-- Work required --
For the entries below, the expected answer is the line with "If you’re in", the line with "x86 최적화 버전 ※", and every line between them, exactly as written, and nothing more.

-- Materials provided --
● ● ● ● ● ● ●

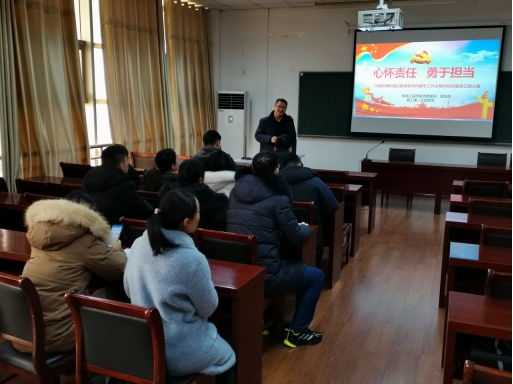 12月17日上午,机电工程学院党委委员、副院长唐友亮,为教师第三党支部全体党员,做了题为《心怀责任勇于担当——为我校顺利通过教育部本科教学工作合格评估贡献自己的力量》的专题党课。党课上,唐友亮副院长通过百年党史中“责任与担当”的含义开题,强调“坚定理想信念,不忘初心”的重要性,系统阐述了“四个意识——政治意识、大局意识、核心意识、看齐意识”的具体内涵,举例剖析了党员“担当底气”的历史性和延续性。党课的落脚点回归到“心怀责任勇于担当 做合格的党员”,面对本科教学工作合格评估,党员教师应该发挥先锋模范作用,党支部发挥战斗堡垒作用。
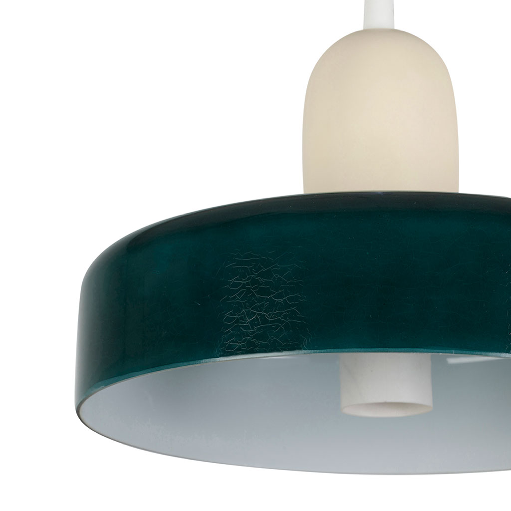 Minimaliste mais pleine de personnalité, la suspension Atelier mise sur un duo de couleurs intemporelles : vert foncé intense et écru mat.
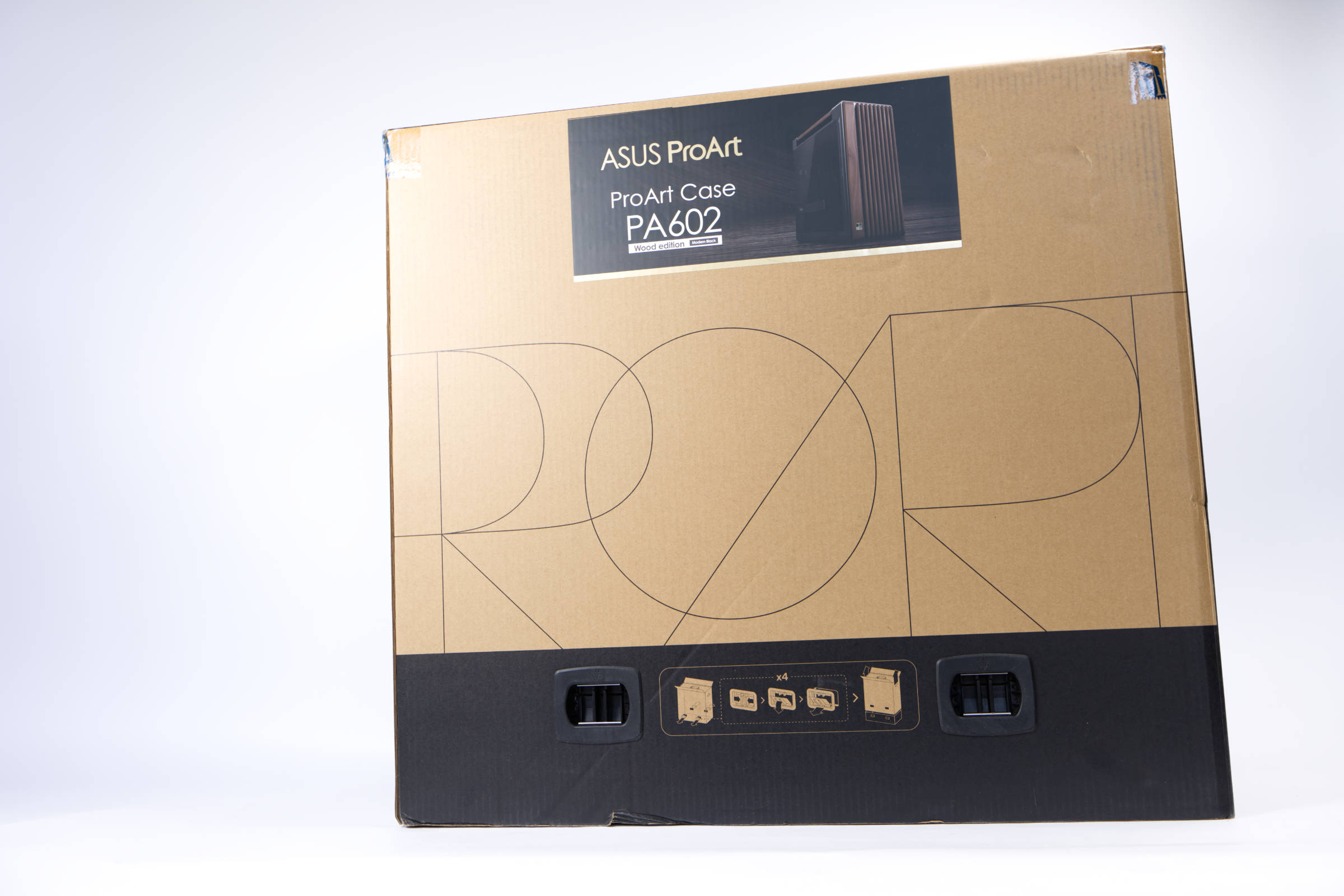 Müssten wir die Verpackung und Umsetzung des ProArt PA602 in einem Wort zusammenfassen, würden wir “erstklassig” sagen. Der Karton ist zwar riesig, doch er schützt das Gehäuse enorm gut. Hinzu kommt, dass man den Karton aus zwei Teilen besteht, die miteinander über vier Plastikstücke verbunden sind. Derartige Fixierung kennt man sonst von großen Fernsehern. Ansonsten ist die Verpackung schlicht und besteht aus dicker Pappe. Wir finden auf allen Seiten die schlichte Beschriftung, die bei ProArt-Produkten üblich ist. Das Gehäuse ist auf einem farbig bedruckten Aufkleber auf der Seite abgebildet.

● ● ● ● ● ● ●

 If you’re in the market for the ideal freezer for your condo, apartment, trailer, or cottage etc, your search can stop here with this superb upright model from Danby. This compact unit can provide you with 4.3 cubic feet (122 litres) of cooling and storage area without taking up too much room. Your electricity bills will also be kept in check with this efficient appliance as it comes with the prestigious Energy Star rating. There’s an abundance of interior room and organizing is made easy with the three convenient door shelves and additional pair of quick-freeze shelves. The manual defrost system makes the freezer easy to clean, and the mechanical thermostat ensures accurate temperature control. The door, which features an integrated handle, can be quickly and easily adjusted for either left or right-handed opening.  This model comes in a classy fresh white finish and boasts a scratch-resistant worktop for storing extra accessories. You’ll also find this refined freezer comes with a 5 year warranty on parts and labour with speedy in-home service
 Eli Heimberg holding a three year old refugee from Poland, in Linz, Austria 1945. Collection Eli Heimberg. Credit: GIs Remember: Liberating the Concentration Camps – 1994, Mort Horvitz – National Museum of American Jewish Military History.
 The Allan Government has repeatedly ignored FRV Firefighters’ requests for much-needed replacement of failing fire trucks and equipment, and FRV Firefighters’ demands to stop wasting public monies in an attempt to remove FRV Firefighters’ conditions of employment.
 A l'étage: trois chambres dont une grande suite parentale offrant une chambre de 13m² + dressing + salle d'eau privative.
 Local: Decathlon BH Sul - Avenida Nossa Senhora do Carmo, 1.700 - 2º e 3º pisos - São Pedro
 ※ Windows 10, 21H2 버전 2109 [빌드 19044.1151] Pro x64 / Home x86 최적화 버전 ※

● ● ● ● ● ● ●

-- Written solution --
 If you’re in the market for the ideal freezer for your condo, apartment, trailer, or cottage etc, your search can stop here with this superb upright model from Danby. This compact unit can provide you with 4.3 cubic feet (122 litres) of cooling and storage area without taking up too much room. Your electricity bills will also be kept in check with this efficient appliance as it comes with the prestigious Energy Star rating. There’s an abundance of interior room and organizing is made easy with the three convenient door shelves and additional pair of quick-freeze shelves. The manual defrost system makes the freezer easy to clean, and the mechanical thermostat ensures accurate temperature control. The door, which features an integrated handle, can be quickly and easily adjusted for either left or right-handed opening.  This model comes in a classy fresh white finish and boasts a scratch-resistant worktop for storing extra accessories. You’ll also find this refined freezer comes with a 5 year warranty on parts and labour with speedy in-home service
 Eli Heimberg holding a three year old refugee from Poland, in Linz, Austria 1945. Collection Eli Heimberg. Credit: GIs Remember: Liberating the Concentration Camps – 1994, Mort Horvitz – National Museum of American Jewish Military History.
 The Allan Government has repeatedly ignored FRV Firefighters’ requests for much-needed replacement of failing fire trucks and equipment, and FRV Firefighters’ demands to stop wasting public monies in an attempt to remove FRV Firefighters’ conditions of employment.
 A l'étage: trois chambres dont une grande suite parentale offrant une chambre de 13m² + dressing + salle d'eau privative.
 Local: Decathlon BH Sul - Avenida Nossa Senhora do Carmo, 1.700 - 2º e 3º pisos - São Pedro
 ※ Windows 10, 21H2 버전 2109 [빌드 19044.1151] Pro x64 / Home x86 최적화 버전 ※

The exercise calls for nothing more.